TheStreet Ratings' stock model projects a stock's total return potential over a 12-month period including both price appreciation and dividends. Our Buy, Hold or Sell ratings designate how we expect these stocks to perform against a general benchmark of the equities market and interest rates.

While plenty of high-yield opportunities exist, investors must always consider the safety of their dividend and the total return potential of their investment. It is not uncommon for a struggling company to suspend high-yielding dividends which could subsequently result in precipitous share price declines.

TheStreet Ratings' stock rating model views dividends favorably, but not so much that other factors are disregarded. Our model gauges the relationship between risk and reward in several ways, including: the pricing drawdown as compared to potential profit volatility, i.e. how much one is willing to risk in order to earn profits?; the level of acceptable volatility for highly performing stocks; the current valuation as compared to projected earnings growth; and the financial strength of the underlying company as compared to its stock's valuation as compared to its stock's performance.

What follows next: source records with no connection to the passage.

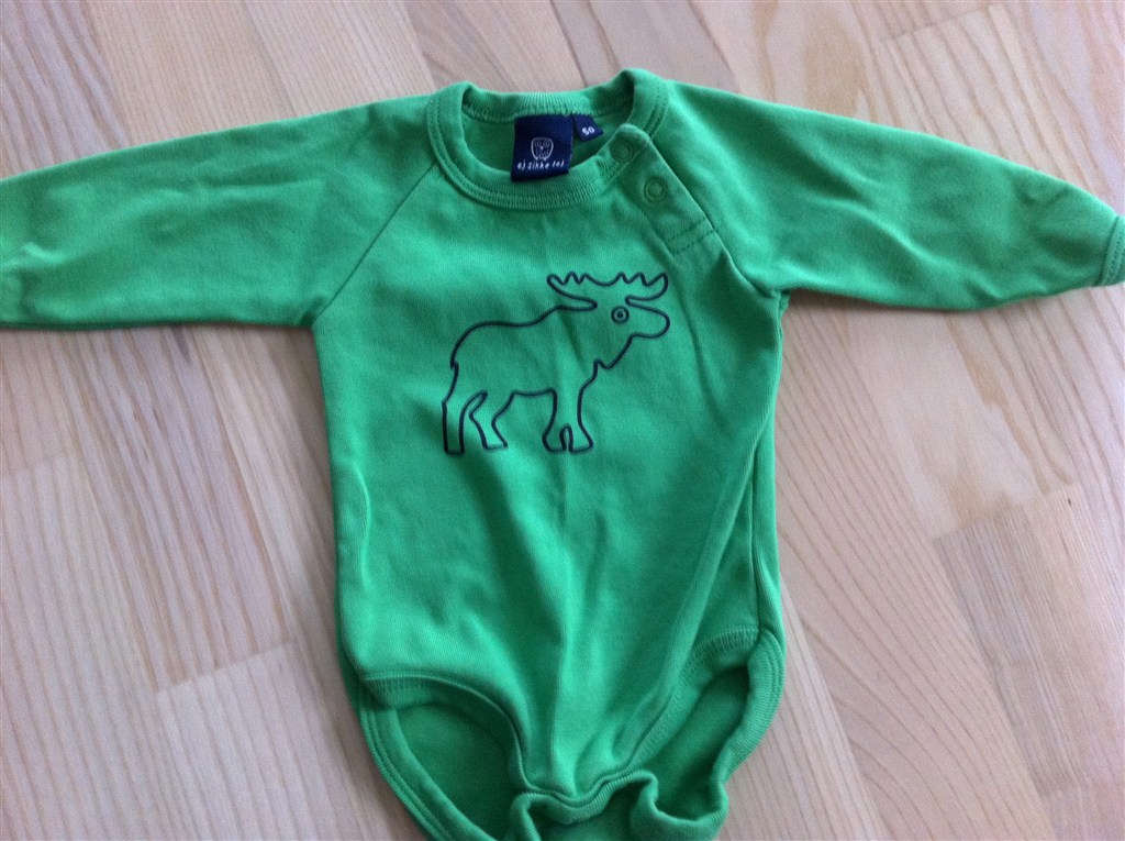 Obs. Grøn body med elg er str. 50, ellers er det meste 62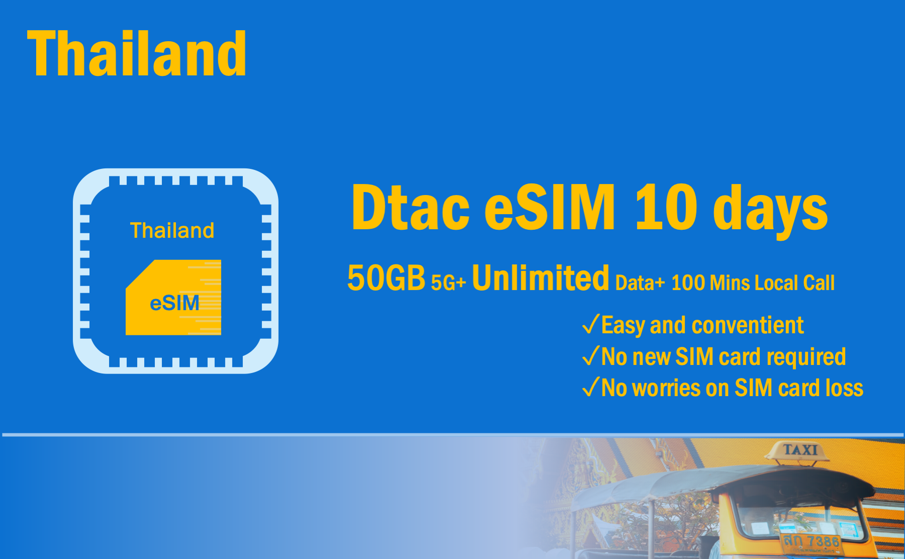 DTAC 349THB 10Days 50GB 4G+Unlimited Data+Call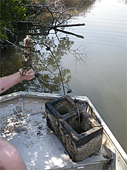我們部署每小溪一個HOBO U24電導率記錄儀。記錄儀的情況下,我鉆孔,并用一個螺絲頂部為方便下載數據時,我用PVC管道。在退潮期間每個小溪,我附上涂層電纜和PVC管包裹在電纜周圍的煤渣塊,這是我固定在4到5英尺的深度。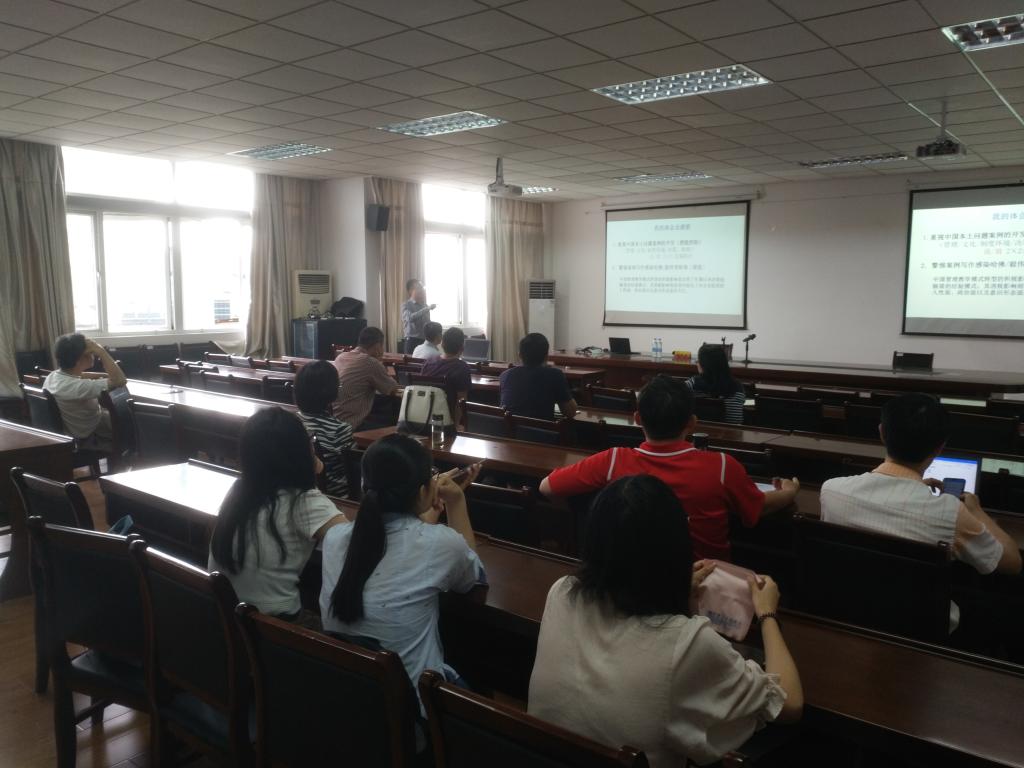 6月19日下午,应公司yd222云顶线路检测邀请,上海对外经贸大学yd222云顶线路检测谢佩洪教授在德济楼408会议室作了题为“游弋于案例开发与案例研究:学术与实践的双向互动”的报告。报告会由yd222云顶线路检测张文勤教授主持,yd222云顶线路检测经理杨林教授与部分教师、研究生聆听了此次报告。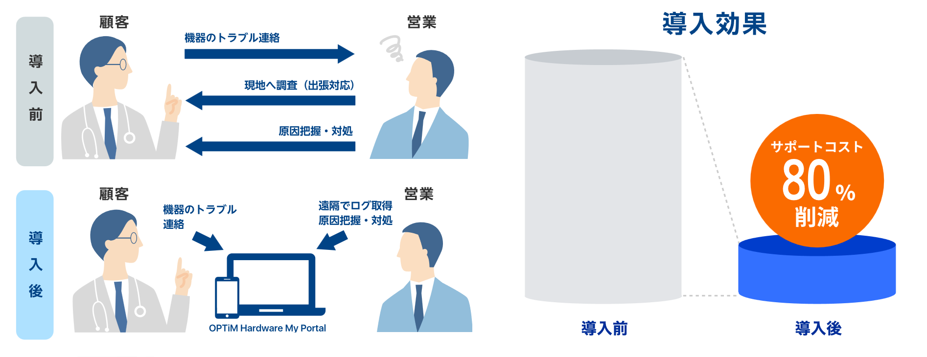 トプコンメディカルジャパンはこの導入により、眼底検査機器の保守業務において、遠隔でのログ取得やトラブル対応を実現しました。その結果、従来必要だった現地出張業務の約80%を削減することに成功しました。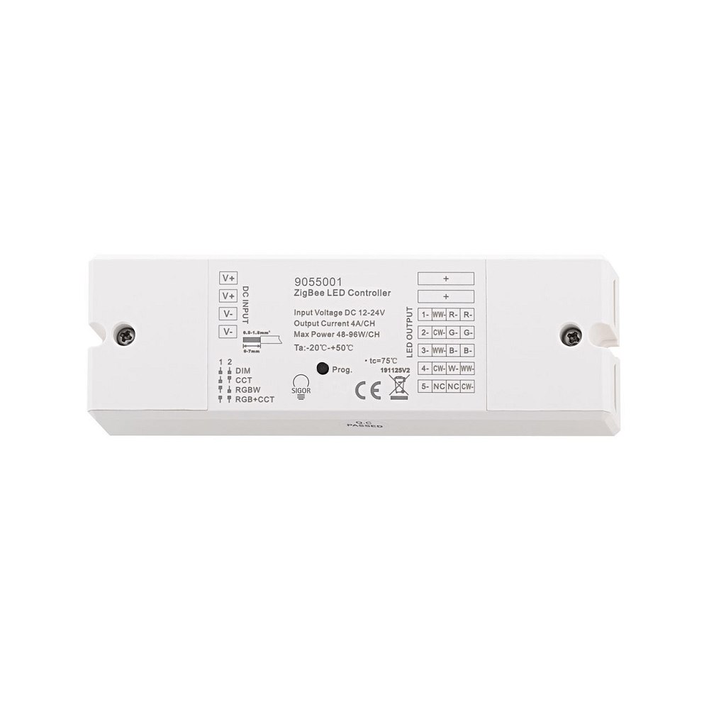 The ZigBee receiver allows for the control of LED strips with a total of 5 channels. With a power of 5x 4A and an operating voltage of 12-24V DC, you can easily control up to 48W (at 12V) or 96W (at 24V) of LED lighting.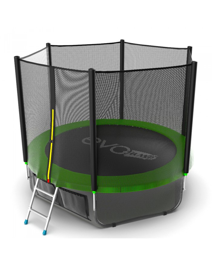 - В комплект модели Evo Jump External 8ft входят: металлическая лестница, верхняя и нижняя сетки, делающие изделие максимально удобным и безопасным в использовании.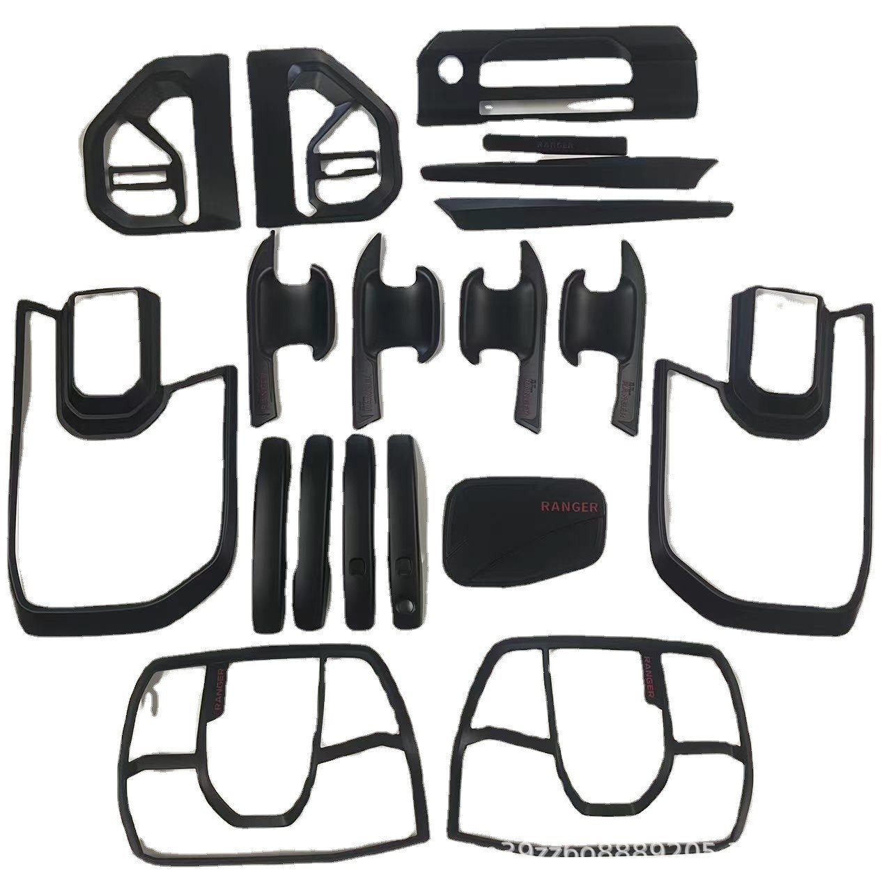 Upgrade your Ford Ranger T9 2022+ with this premium matte black exterior trim kit. Includes headlight, taillight, and handle covers for durable style and protection.
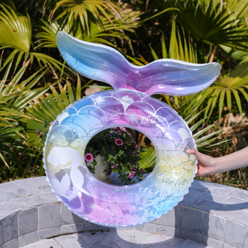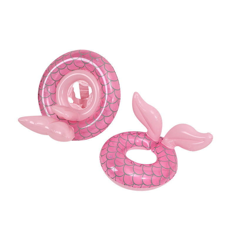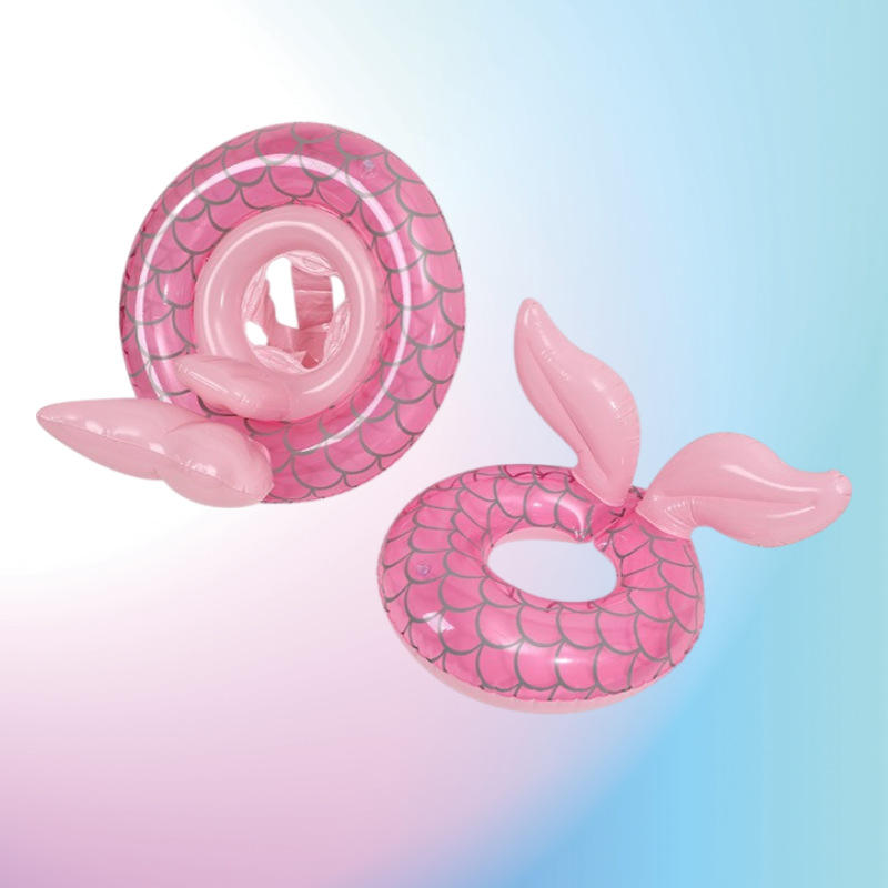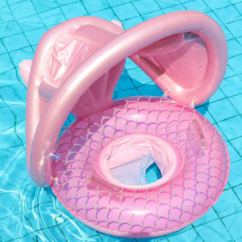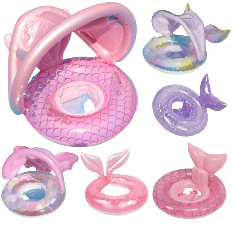 Flotador inflable de sirena con diseño de cola de pez y toldo para niños, dispositivo de flotación para juegos acuáticos.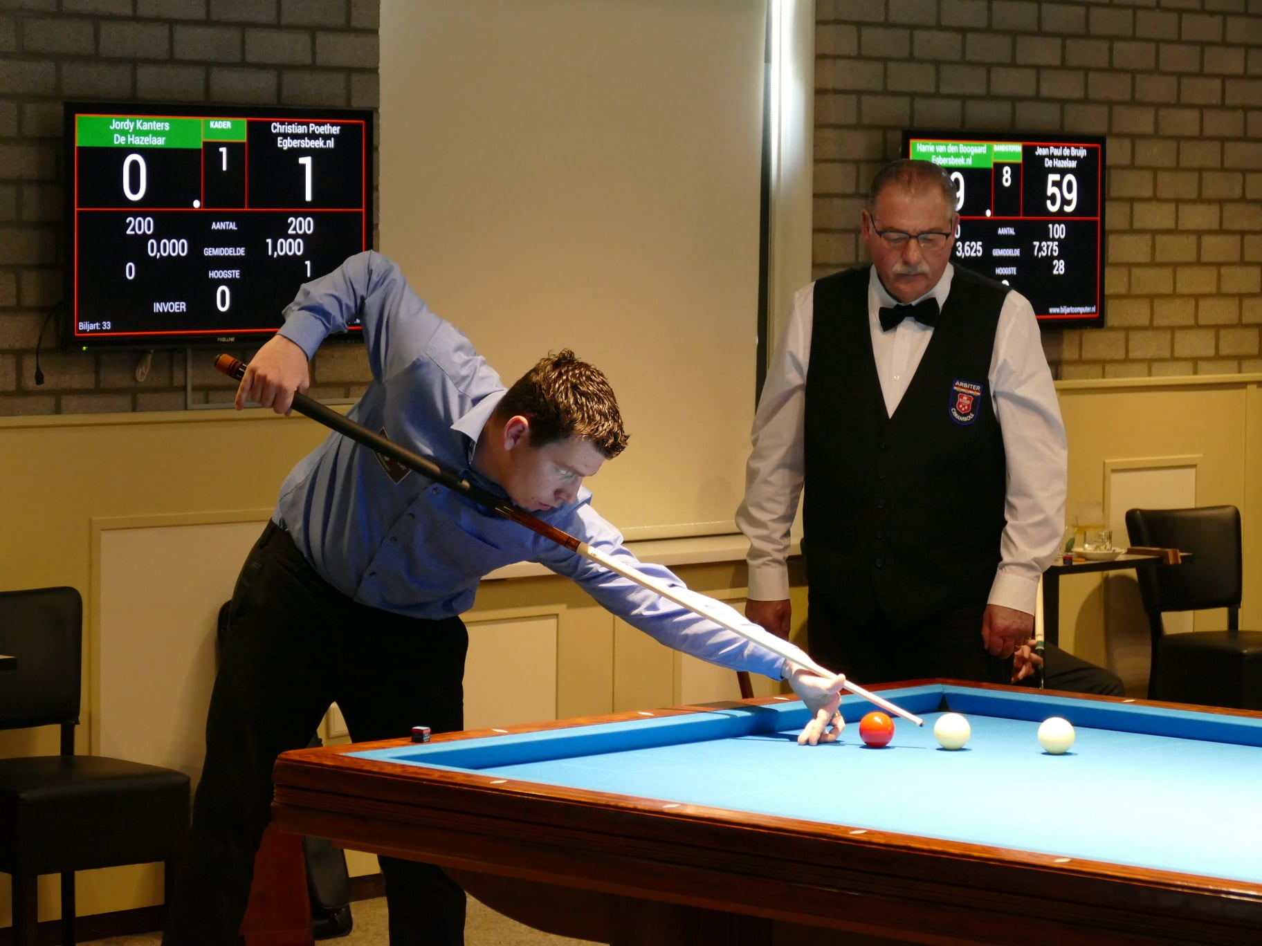Rooijendijk verloor tevens van Jordy Kanters van BV De Hazelaar, 57/1 280-6-46,66. Kanters van BV de Hazelaar sloot de 1e helft af met 3 beurten, tegen Lyon Megens van de Vriendenkring, 280-3-93,33 met een ongelofelijke serie van 269!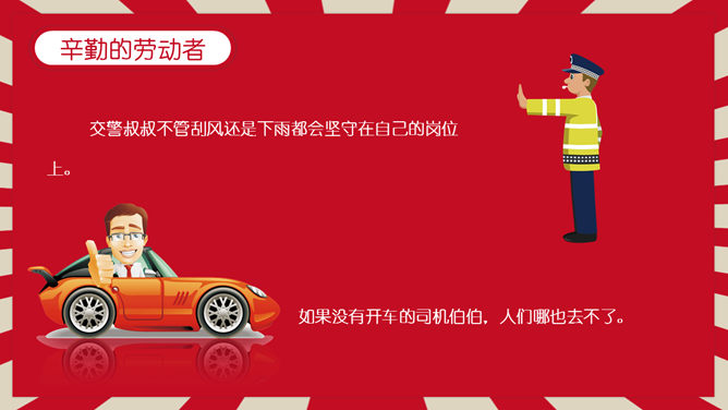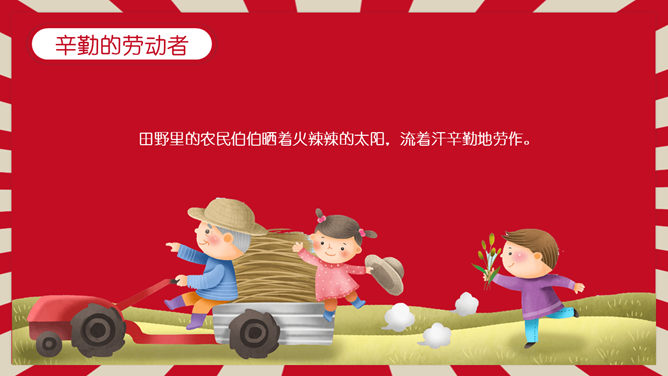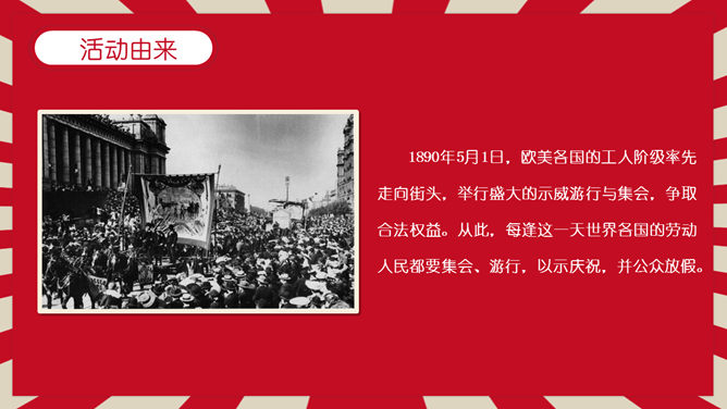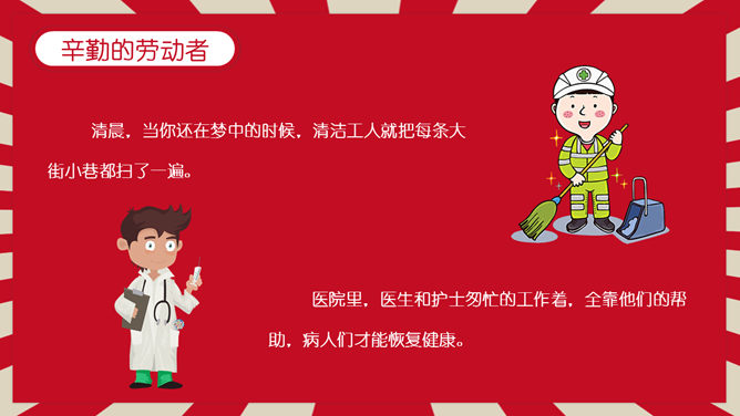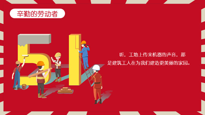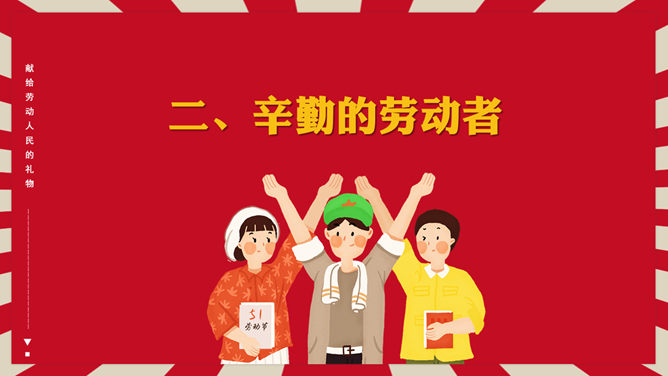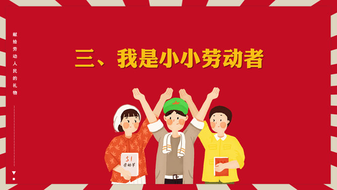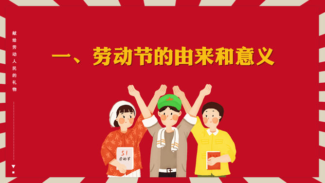 劳动节主题班会PPT模板。一套五一国际劳动节主题班会幻灯片模板,赤色布景,兴趣卡通规划风格。

These and many more derived observations are then combined, ranked, weighted, and scenario-tested to create a more complete analysis. The result is a systematic and disciplined method of selecting stocks. As always, stock ratings should not be treated as gospel — rather, use them as a starting point for your own research.

The following pages contain our analysis of 3 stocks with substantial yields, that ultimately, we have rated "Hold."

World Point Terminals

Dividend Yield: 8.50%

World Point Terminals

(NYSE:

WPT

) shares currently have a dividend yield of 8.50%.

World Point Terminals, LP owns, operates, develops, and acquires terminals and other assets for the storage of light refined products, heavy refined products, and crude oil in the East Coast, Gulf Coast, and Midwest regions of the United States. The company has a P/E ratio of 15.59.

The average volume for World Point Terminals has been 27,200 shares per day over the past 30 days. World Point Terminals has a market cap of $490.5 million and is part of the energy industry. Shares are up 4.5% year-to-date as of the close of trading on Thursday.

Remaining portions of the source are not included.